The bulk of Mills` narrative is devoted to three Centac operations. One was an effort, with the aid of a well-placed informant, to ensnare a Chinese, Lu Hsu-shui, who from Bangkok controlled much of Southeast Asia`s billion dollar heroin exportations. Another was directed at Alberto Sicilia-Falcon, a homosexual Cuban who conducted a cocaine-heroin-marijuana organization from a fortress outside Tijuana. The third operation was aimed at Donald Steinberg, an enterprising product of the Fox River valley who moved to Ft. Lauderdale and became the logistical genius behind a sprawling marijuana network. We learn, along with a welter of details, that everyone in the narcotics trade, whatever his nationality, talks exactly like a character out of Elmore Leonard. It is fascinating. It is also frightening because Mills` revelations reinforce a conclusion that what we trivialize as a ”problem” will never be solved unless it is treated as an important aspect of foreign policy, an unlikely prospect.

Although Mills` book reads like something from the pen of Leonard or John le Carre, everything in it must be true. Mills is at pains to assure us that it is: ”No names have been changed, there are no composite characters, no invented scenes or dialogue.” And one has to believe him since he is apparently in possession of tangible evidence of his underground labors. He

”collected hundreds of pages of classified documents, 183 two-hour tape cassettes . . . and 22 notebooks” and the identity of his sources, having been revealed in his book, is no longer subject to any journalistic privilege. Besides, a varied life has taught me that often the truth really is stranger than fiction.

However, Mills` book provides no satisfactory answer to one question that, left unresolved, could undermine its credibility. That question relates to the author`s unimpeded access, tape recorder in hand, to Centac`s activities for the purpose of producing a book. Notoriety compromises any covert exercise and jeopardizes the lives of its participants. That is why an evidentiary privilege ordinarily shields the identity of undercover informants from judicial disclosure. It also explains why the producers of ”60 Minutes” have never been invited to travel with the CIA. For a mid-level law enforcement bureaucrat to authorize the penetration of Centac`s nerve centers by a journalist, security clearance indeterminate, seems reckless; for Centac agents and informers to acquiesce seems madness.

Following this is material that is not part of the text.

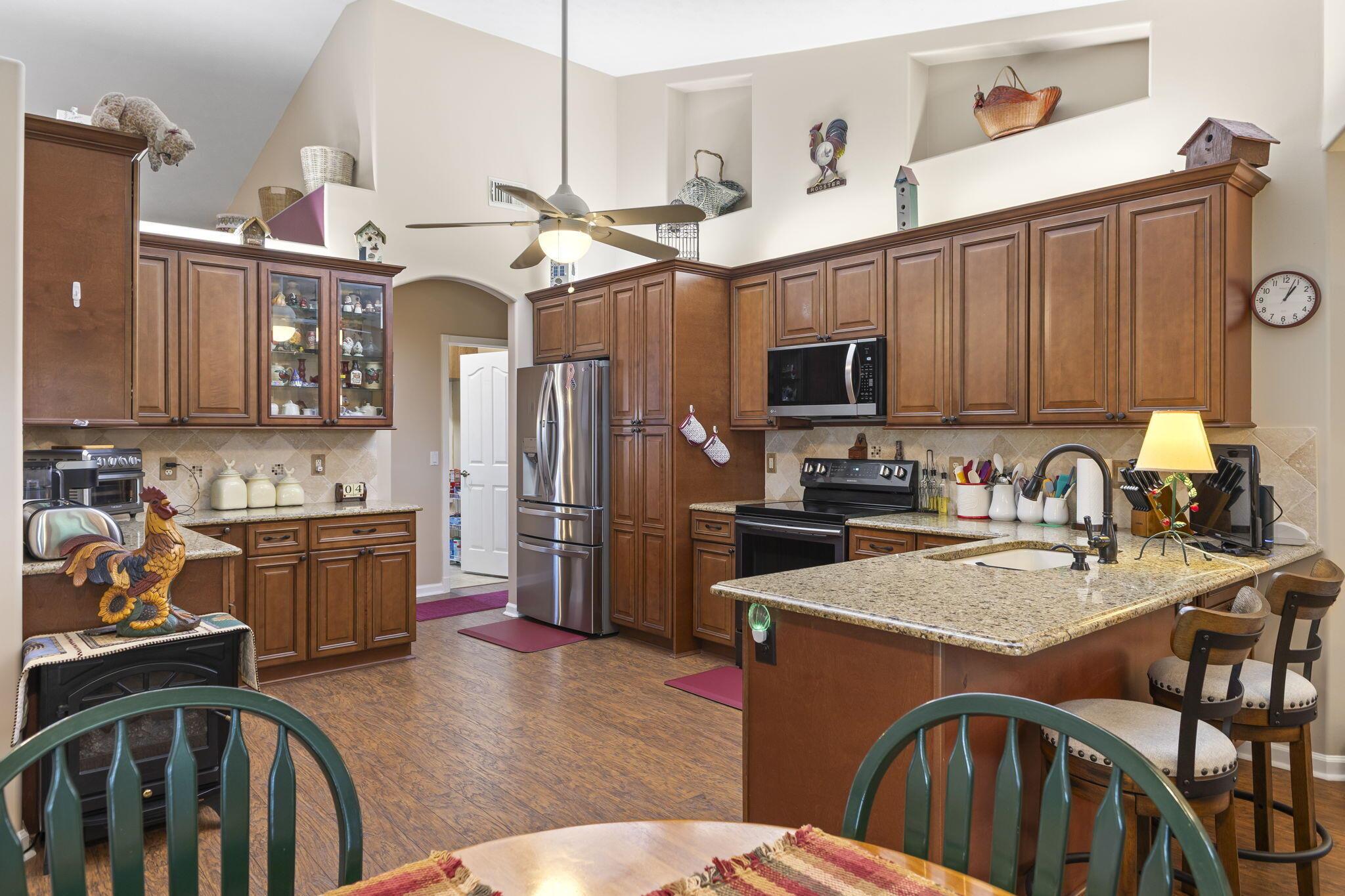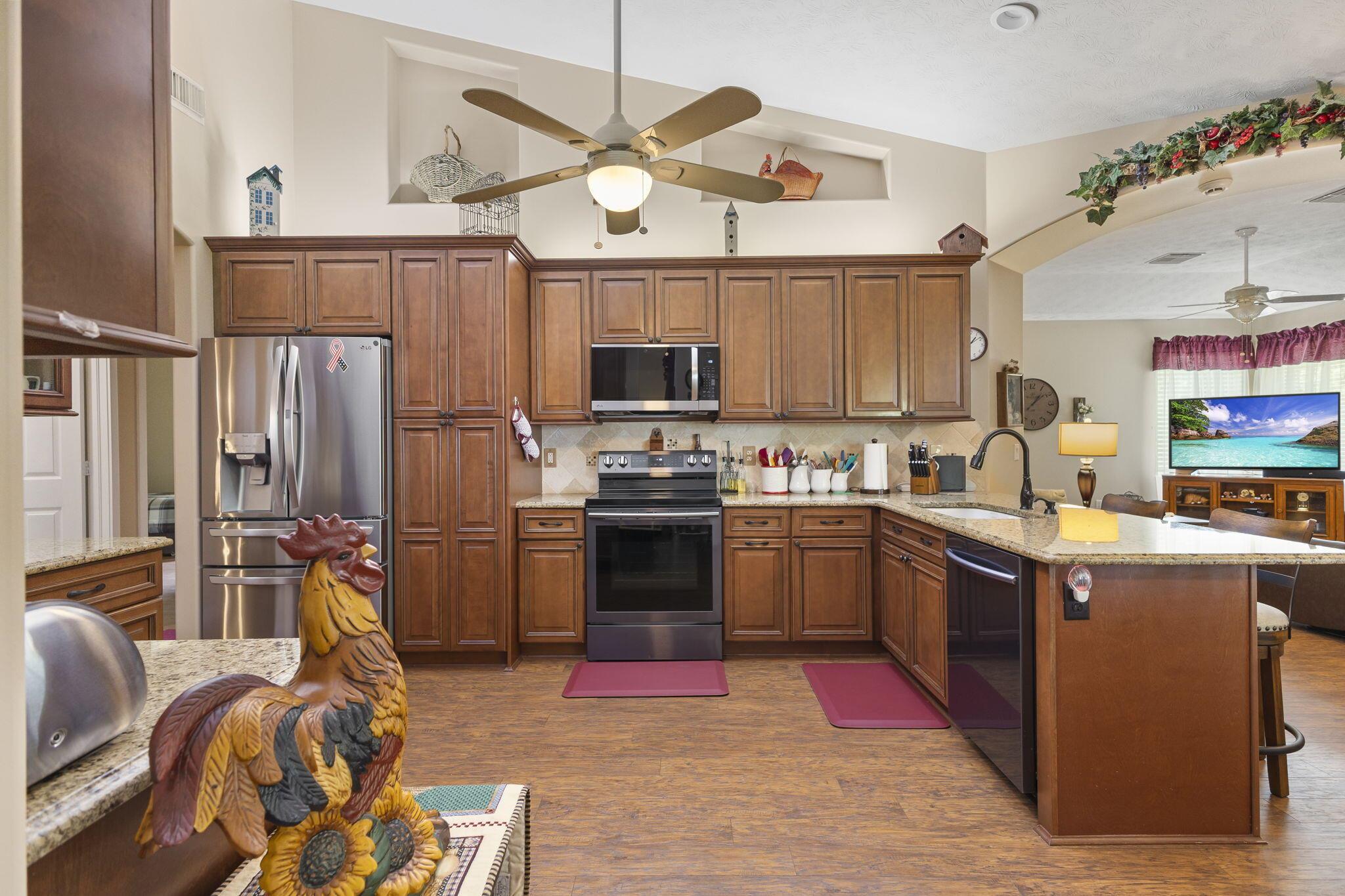 This beautifully maintained 3-bedroom, 2.5-bathroom home with a 2-car garage is nestled in a quiet and serene neighborhood that backs up to a peaceful preserve, while offering a perfect blend of comfort, character, and modern updates. Step inside to find hardwood and tile flooring throughout, vaulted ceilings, and an abundance of storage space. The spacious master suite features walk-in closets and a garden tub, perfect for relaxing at the end of the day. The heart of the home boasts a renovated kitchen with granite countertops, brand new cabinets, and new stainless steel appliances. Adjacent to the main living area is a second living room, providing flexible space for a media room, home office, or additional entertaining. Not to mention, there is a cozy fireplace that adds warmth and

It is legitimate to ask whether Mills` book proposal, properly considered, could possibly have been approved at any but the highest levels of the Justice Department following White House consultations. And that leads to the question, would its approval at those elevations have been anything less than preposterous?

Perhaps either Mills or representatives of the DEA will put these questions to rest in the weeks to come. Then we will better understand how to assess Mills` book. Or maybe we will only understand why the operation known as Centac is now defunct.